Investigating inlay designs of class II cavity with deep margin elevation using finite element method

Authors: Yung-Chung Chen, Chi-Lun Lin, Chun-Hsien Hou

Published in: BMC Oral Health | Issue 1/2021

Abstract

Background

This study evaluates the mechanical performance of deep margin elevation technique for carious cavities by considering the shape designs and material selections of inlay using a computational approach combined with the design of experiments method. The goal is to understand the effects of the design parameters on the deep margin elevation technique and provide design guidelines from the biomechanics perspective.

Methods

Seven geometric design parameters for defining an inlay’s shape of a premolar were specified, and the influence of cavity shape and material selection on the overall stress distribution was investigated via automated modelling. Material selection included composite resin, ceramic, and lithium disilicate.
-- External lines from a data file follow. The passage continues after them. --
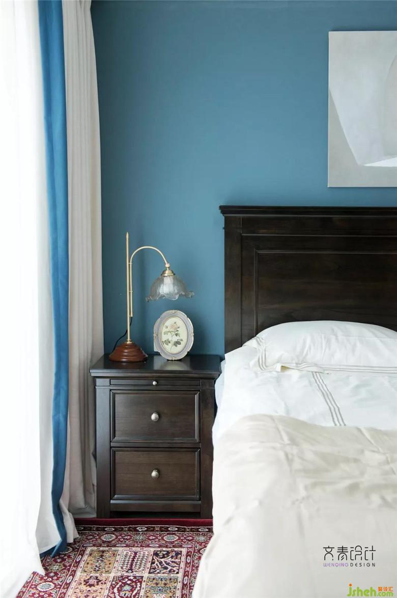 床和床頭柜的組合,皆是線條硬朗,色彩穩(wěn)重復古的造型。清早起床,是北美鄉(xiāng)村的精致感。
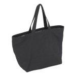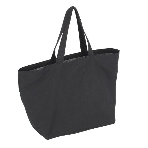 Bolsa ecológica hecha con algodón color negro y manillas planas. Presentación natural. Bolsa lavable, reutilizable y 100% biodegradable. El algodón es una de las fibras naturales más utilizadas en productos textiles.40x58x20.
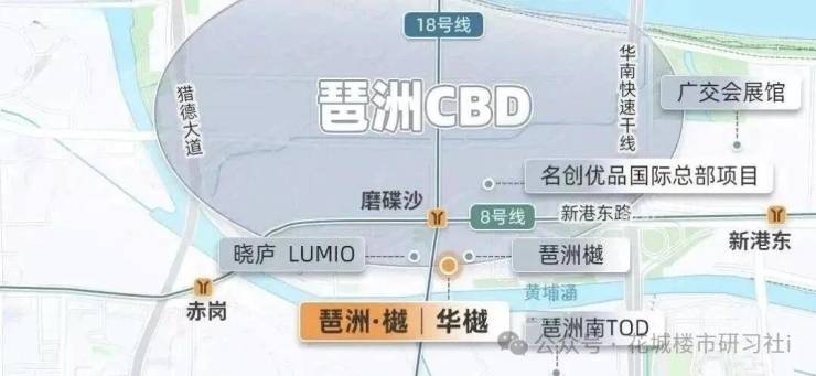 项目位于海珠区琶洲西,紧邻地铁8号线与18号线交汇的磨碟沙站,步行直线约200米。

Finite element analysis was performed to evaluate the mechanical behavior of the tooth and inlay under a compressive load. Next, the analysis of variance was conducted to identify the parameters with a significant effect on the stress occurred in the materials. Finally, the response surface method was used to analyze the stress responses of the restored tooth with different design parameters.

Results

The restored tooth with a larger isthmus width demonstrated superior mechanical performance in all three types of inlay materials, while the influence of other design parameters varied with the inlay material selection. The height of the deep margin elevation layer insignificantly affected the mechanical performance of the restored tooth.

Conclusions

A proper geometric design of inlay enhances the mechanical performance of the restored tooth and could require less volume of the natural dentin to be excavated. Furthermore, under the loading conditions evaluated in this study, the deep margin elevation layer did not extensively affect the strength of the tooth structure.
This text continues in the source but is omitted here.